Beginning in 2014, we saw confident predictions of a coming strong divergence in monetary policy among the major economies. To date, there has been less policy divergence in reality than had been predicted. This observation raises the question of whether there may be limits on policy divergence in current circumstances. Such limits might reflect common forces buffeting economies around the world or the powerful transmission of shocks across borders through exchange rate and other financial channels that may have the effect of front-running monetary policy adjustments in the vicinity of the zero lower bound. Put differently, predictions that U.S. monetary policy would chart a notably divergent path have been tempered by powerful crosscurrents from abroad.1

How different are underlying conditions?

Before turning to divergences in policy, it is useful to review briefly the extent of differences in the underlying economic conditions in the major advanced economies. While the recovery from the global financial crisis has been frustratingly slow in every major economy, there nonetheless have been important differences in the pace and extent of healing. Speaking loosely, among the advanced economies, the United States and United Kingdom appear farthest along in closing resource gaps, Japan is next in line, and the euro area has been somewhat slower to recover. In the United States, resource utilization has increased substantially over the past five years. The U.S. unemployment rate is now under 5 percent, compared with 10 percent at its recent peak. Even so, there is evidence that some labor market slack still remains.2 The United Kingdom has experienced a rapid drop in unemployment to 5.1 percent, as low as pre-crisis levels, and labor force participation has remained relatively strong. In contrast, unemployment in the euro area was 10-1/2 percent in the fourth quarter, down just 1-3/4 percentage points from its recent peak and still well above pre-crisis levels. Accordingly, market participants have expected policy in the United States and the United Kingdom to become less accommodative, while remaining very accommodative over the medium term in the euro area.3

In Japan, expectations of monetary policy divergence have reflected Japan's long period of disappointments on its inflation target to a greater extent than its remaining resource gap. Japan's unemployment rate is 3.3 percent, already below the previous cyclical trough, and the International Monetary Fund estimates the output gap to have been the same in Japan and the United States in 2015 at 1-1/2 percent. However, with inflation in Japan previously having been near zero for an extended period and inflation expectations under pressure, the Bank of Japan's commitment to increasing inflation expectations and moving inflation up to its 2 percent target has led market participants to expect extremely accommodative monetary policy to persist for quite a while.

Currently, however, there are smaller differences among the major economies on measures of realized and expected inflation than there are on resource utilization. In 2015, the 12-month change in total personal consumption expenditures (PCE) inflation in the United States was 0.6 percent, while headline inflation in the United Kingdom, euro area, and Japan were 0.2 percent. All inflation rates are well below target. Of course, to the extent that the downward pressure on global inflation is due to falling oil prices, this pressure would be expected to abate if oil prices stabilize.

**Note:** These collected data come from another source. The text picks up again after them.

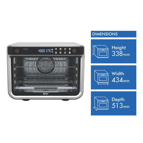 Take your cooking to the next level with the versatile Ninja Foodi XL Pro Oven. This powerful 29 litre convection oven packs a punch with 2400W of power and 10 cooking functions including air fry bake roast grill toast and more. The spacious interior fits up to a 2.3kg chicken with vegetables or two 13 pizzas while True Surround Convection and a rapid 90-second preheat get dinner on the table fast. The digital display and handle offer easy intuitive controls. Accessories like the air fry basket chrome racks and roast tray maximize your cooking options. Prepare restaurant-quality meals at home for the whole family with the Ninja Foodi XL Pro Oven. Its 29 litre capacity 10 functions and 2400W power let you air fry bake roast grill and more. True Surround Convection cooks food evenly on both levels. Fits up to a 2.3kg chicken and veggies or two 13 pizzas. The digital display and handle provide easy controls. Comes with accessories like air fry basket oven tray racks roast tray and crumb tray. The manufacturer's part number for this product is DT200. Bring the versatility of this high-powered oven into your kitchen today.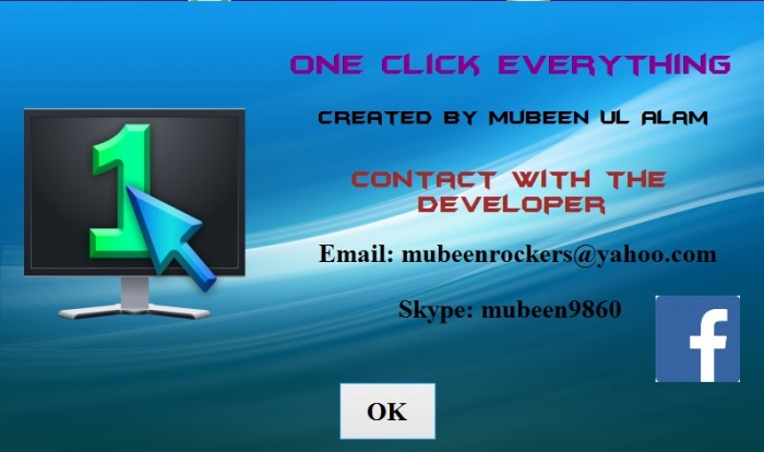 সফটওয়্যারে কোন বাগ/ত্রুটি পেলে, সফটওয়্যারের ব্যাপারে কোন সাজেশন থাকলে প্লীজ আমাকে জানাবেন। এটি আমি একা তৈরী করেছি। এতো বড় একটি সফটওয়্যার একা তৈরী করা অনেক কঠিন এবং সময় সাপেক্ষ ব্যাপার। তবুও আমি আমার সর্বোচ্চ চেষ্টা করেছি কম্পিউটারের প্রয়োজনীয় একটি সফটওয়্যার বানাতে। “ওয়ান ক্লিক এভরিথিং” সফটওয়্যার ব্যবহার করে কেমন লাগল আমাকে জানাবেন প্লীজ।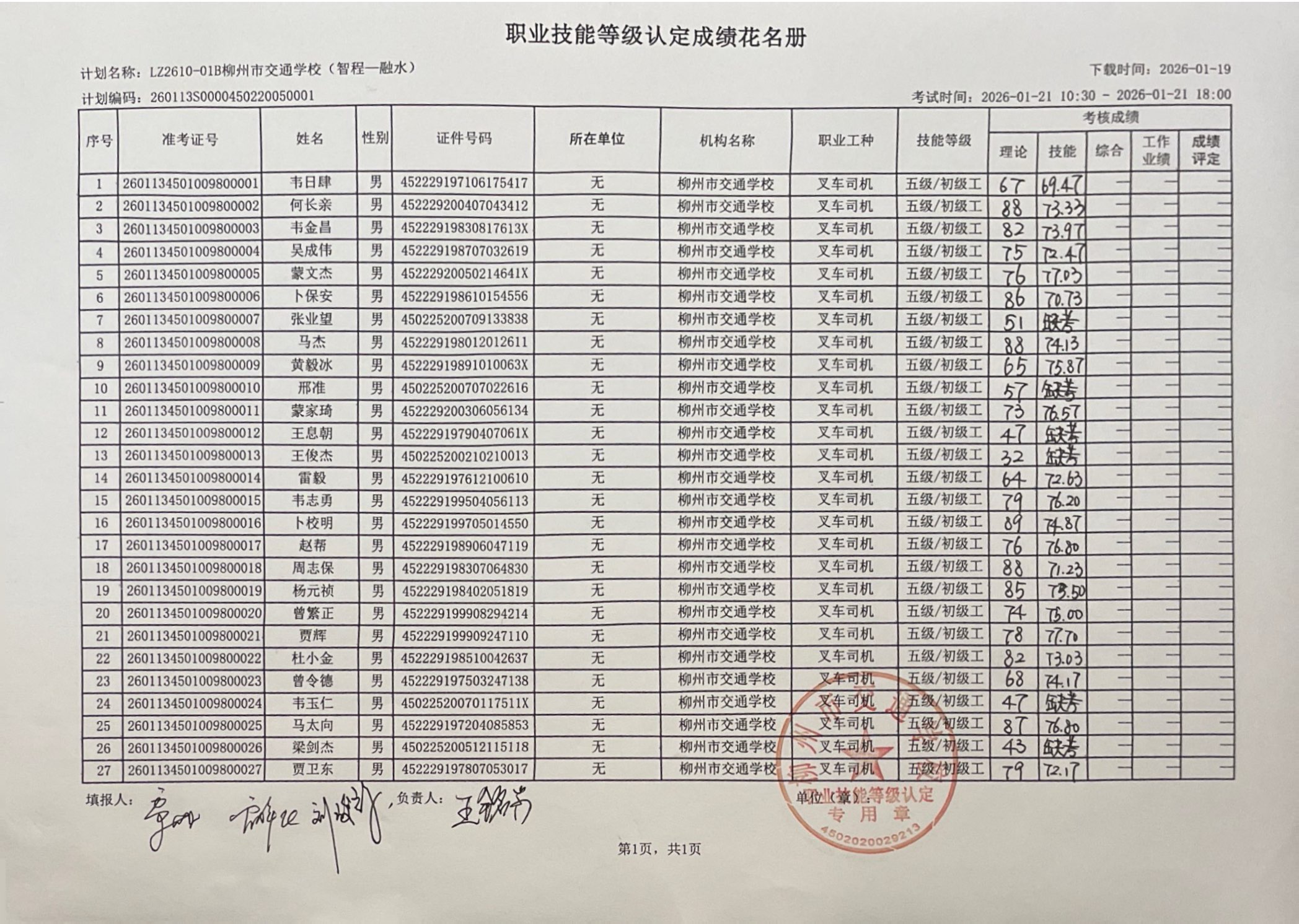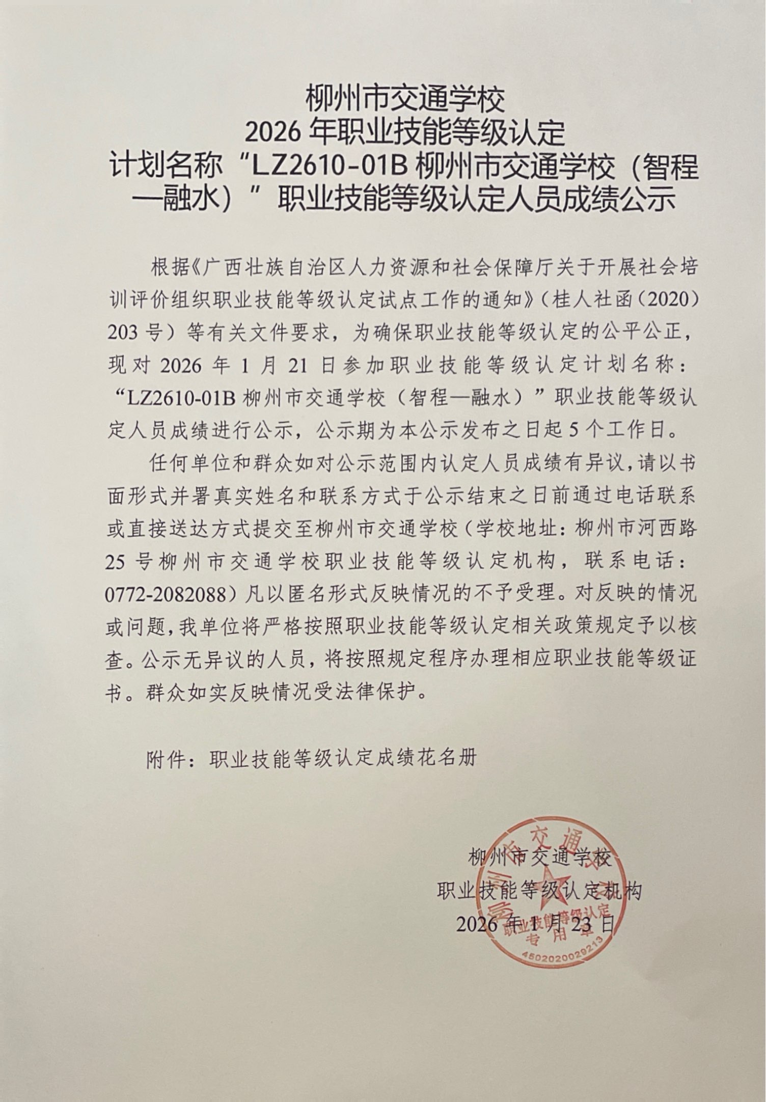 柳州市交通学校2026年职业技能等级认定计划名称“LZ2610-01B柳州市交通学校(智程—融水)”职业技能等级认定人员成绩公示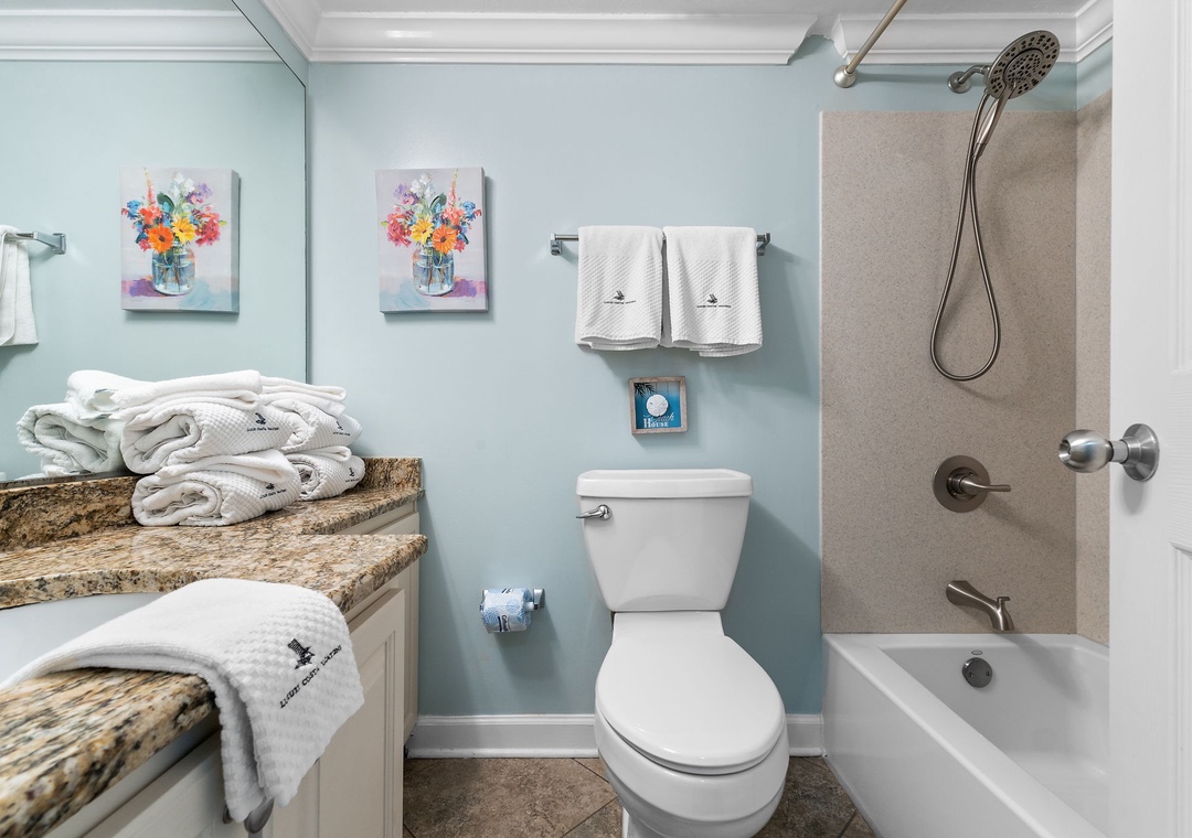 The king primary suite is a tranquil retreat, offering private balcony access where you can listen to the waves and enjoy the morning sunrise. The suite includes a large flat-screen TV and a luxurious ensuite bathroom, complete with a stylish bowl sink and a fully tiled shower featuring a rain shower head. Two additional bedrooms provide plenty of space for guests: one with two queen beds and a flat-screen TV, and the other with two full beds and a WiFi-enabled DVD monitor, allowing Phoenix East 511 to sleep up to ten guests comfortably. A shared guest bathroom and a full-sized washer and dryer add extra convenience to make your stay truly relaxing.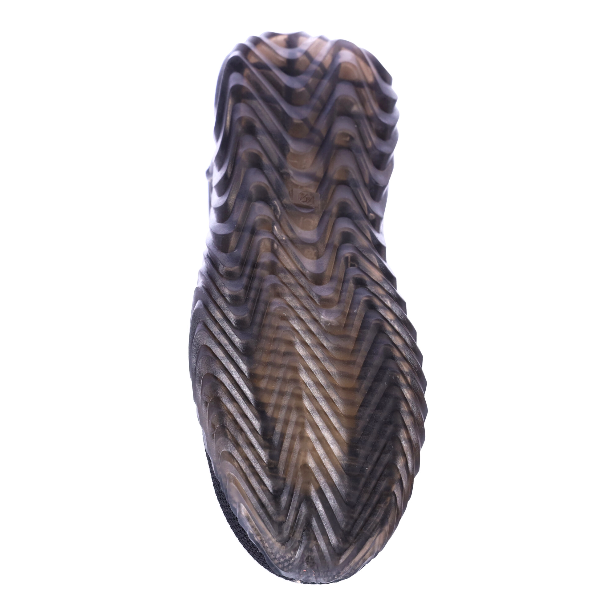 De duurzame rubberen buitenzool met tractieprofiel voorkomt uitglijden en verdeelt dankzij de flexibiliteit de belasting gelijkmatig over de voet.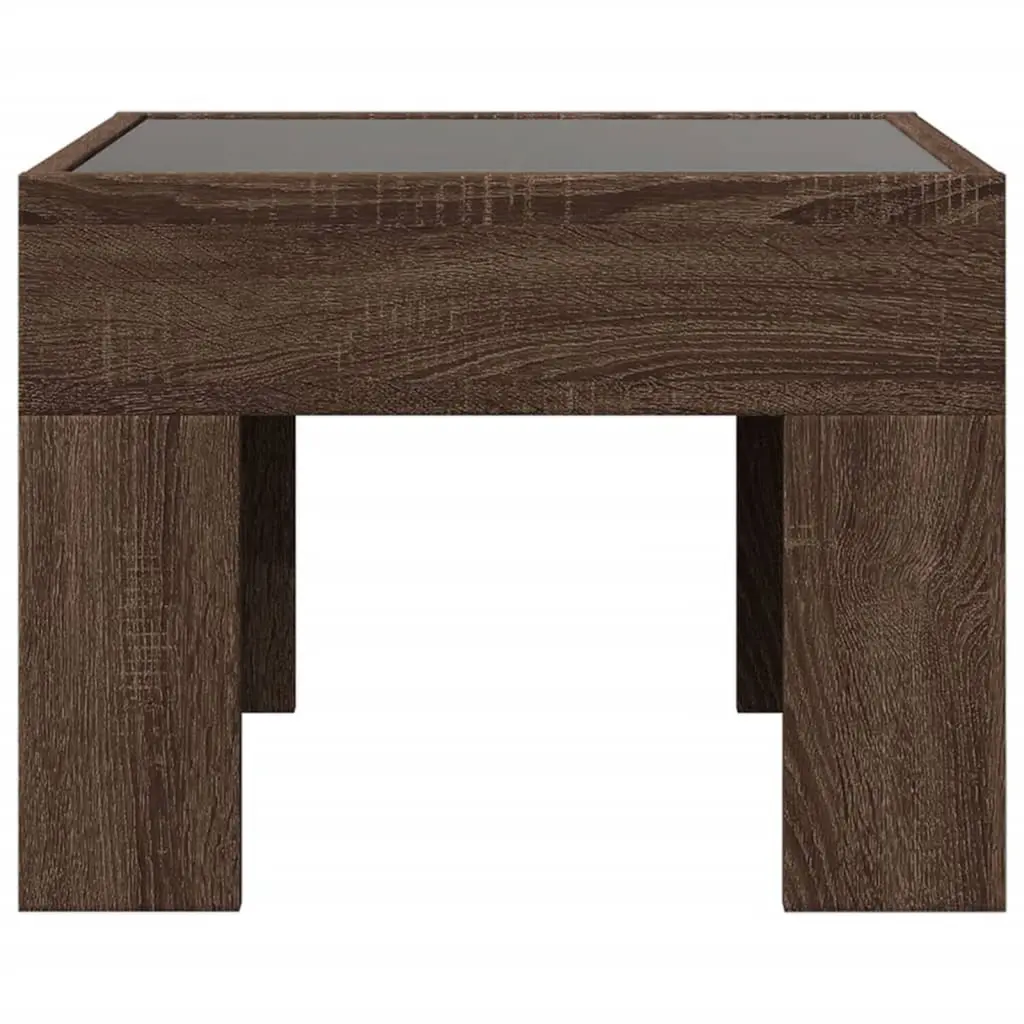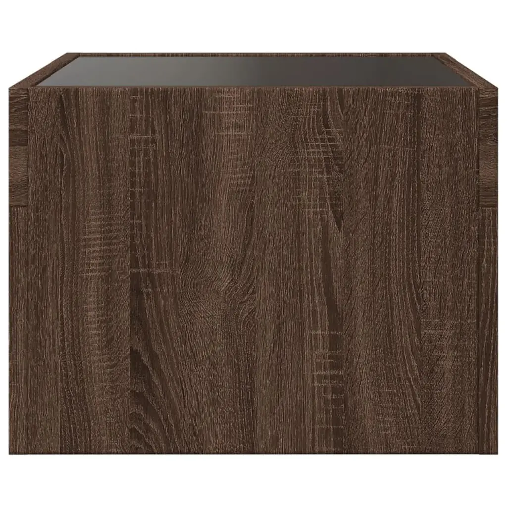This bedside table is a no-brainer for any modern bedroom. It’s built for both practicality and style with its compact square shape of 15.7 in. It fits just swell next to any bed and works as a fab nightstand for your essentials, while flaunting a great-looking brown oak finish that goes with loads of decor styles. Integrated LED Lighting: Comes with RGB LED lights that light up the mirror beautifully, creating a cozy vibe that's perfect for relaxing or late-night reads.Compact Size: At 15.7 x 15.7 x 11.8 in, it's made for narrow spaces, giving you plenty of surface area without overcrowding your room.Durable Construction: Made from engineered wood, this table is built tough, ensuring it lasts while keeping its stunning finish.Stylish and Versatile: Its minimalist modern look makes it fit for more than just the bedroom; it can also shine as a decorative end table in living or guest spaces.Easy Maintenance: The matte finish makes cleaning a breeze—just wipe it down with a damp cloth to keep it looking sharp.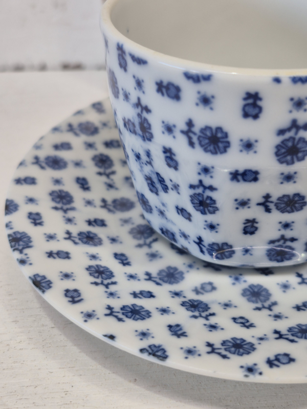 Dit zijn mooi gevormde, waarschijnlijk Japanse, porseleinen kopjes met een lief bloemetjes motief.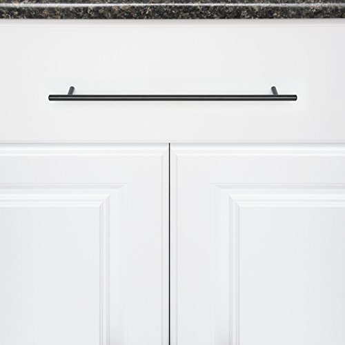 Amazon Basics - Maniglia a barra per mobili, stile europeo (diametro 0,95 cm), Lunghezza 31,1 cm (interasse: 32,08 cm), Nero uniforme, Confezione da 10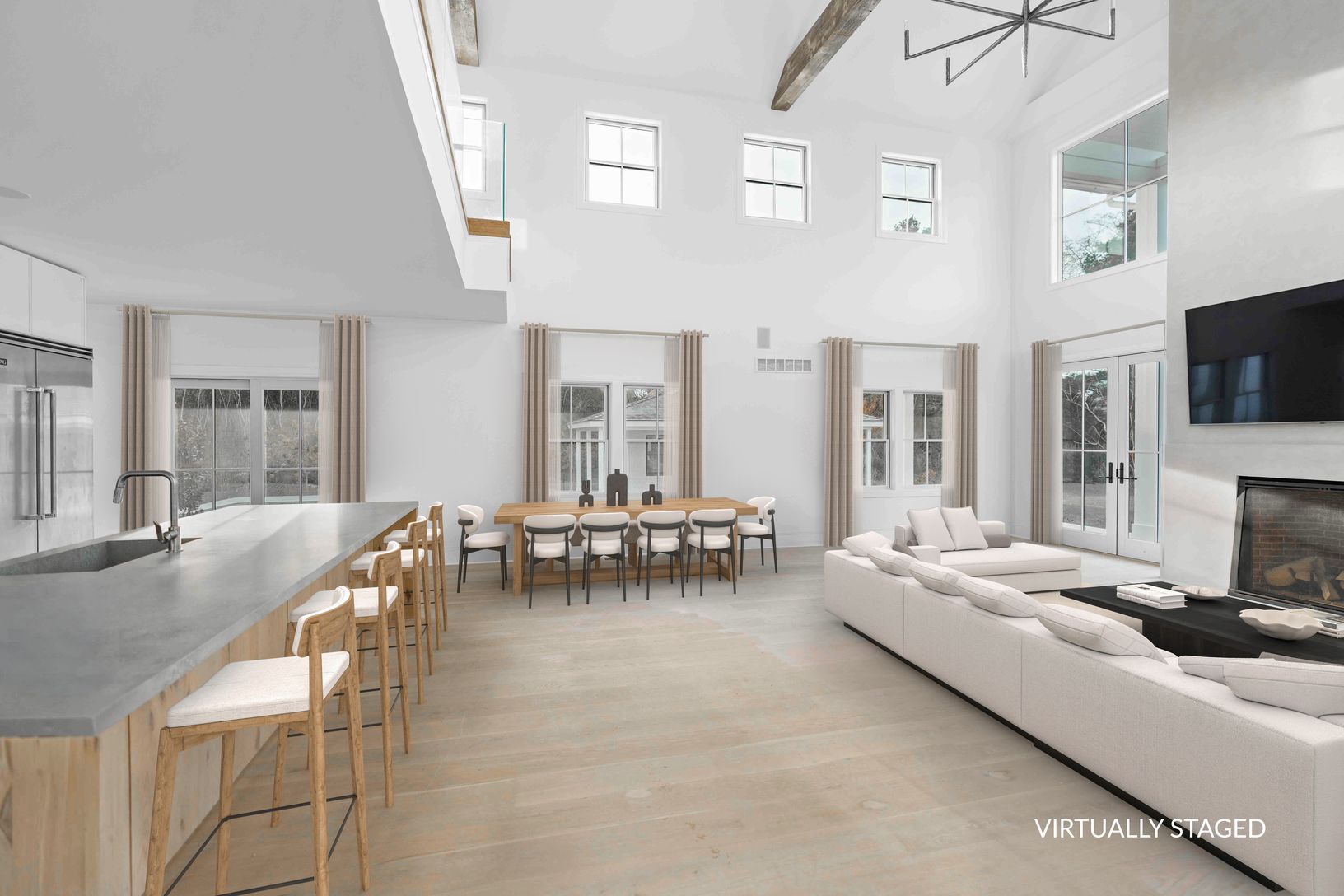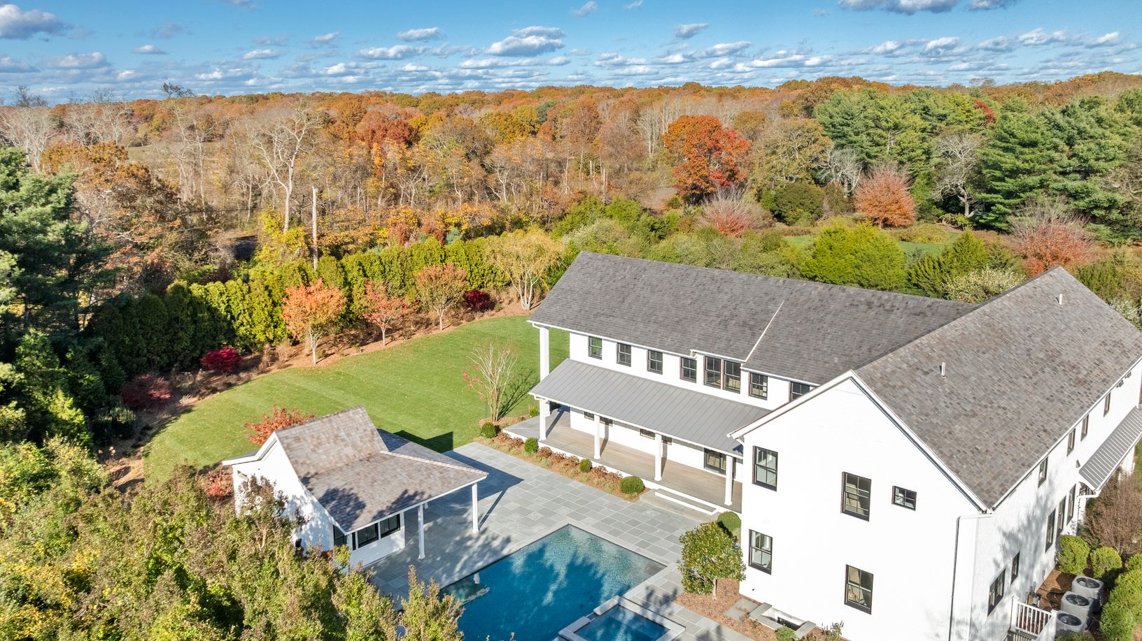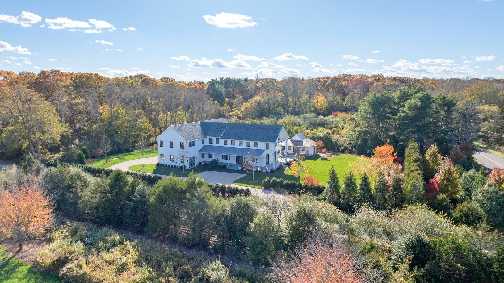 Welcome to this exceptional estate set on 1.3 beautifully landscaped acres, offering the perfect blend of modern sophistication and timeless craftsmanship. Wrapped in classic cedar shingle siding with a welcoming covered front porch, this home exudes warmth and understated elegance from the moment you arrive. The circular driveway provides ample parking, while an electric gated entry ensures privacy and security. Across from a scenic preserve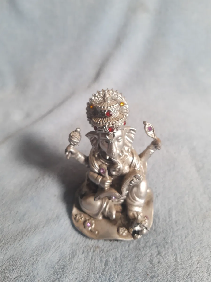 Linda estatueta de Ganesha em metal prateado, adornada com pedras coloridas. Em bom estado, perfeita para colecionadores ou para decorar seu lar com um toque de espiritualidade e beleza.

But even after removing energy prices, core PCE inflation has come in consistently under the Federal Reserve's 2 percent target here in the United States and does not look very different from inflation in economies that are expected to maintain accommodative monetary policy for some time. Core PCE inflation, or inflation excluding food and energy prices, has remained stubbornly in the vicinity of 1-1/4 to 1-1/2 percent over the past three years in the United States, similar to the United Kingdom and not very different from the roughly 1 percent core inflation in the euro area and Japan.

We also see notable similarities in the recent deterioration in market measures of inflation expectations. While in the euro area, swaps-based inflation compensation has fallen about 3/4 percentage point since the middle of 2014 and is now around 1-1/2 percent at the five-year, five-year-ahead horizon, in the United States, swaps-based inflation compensation has fallen 1 full percentage point over the same period and is now at 1-3/4 percent. Japan has experienced a similar decline over this period, while the United Kingdom has seen a much more modest decline.

With realized and expected future inflation not showing large differences, the expectation of monetary policy divergence between the United States, on the one hand, and the United Kingdom and the euro area, on the other, must rest to a large extent on remaining differences in resource utilization and expectations that inflation outcomes will diverge as a result of these differences. However, it is important to note that the extent of inflation divergence generated by differences in resource utilization across countries is likely much smaller now than it has been in earlier decades. Recent research suggests a dramatic flattening of the Phillips curve in recent decades.4 If this finding continues to hold true, resource utilization would need to differ more sharply across national economies to produce a noticeable difference in inflation.

The persistence of relatively soft core PCE inflation readings in the United States, despite a substantial improvement in employment, suggests we should be cautious in relying on the historical relationship between employment gains and stronger inflation in today's economy. Moreover, the softening in market-based measures of inflation expectations and some hints of weakening in survey measures deserve our attention. This deterioration in inflation expectations and a weakened link between labor market tightening and inflation - together with the asymmetry of policy in the vicinity of the lower bound - lead me to put a high premium on evidence that actual inflation is firming sustainably.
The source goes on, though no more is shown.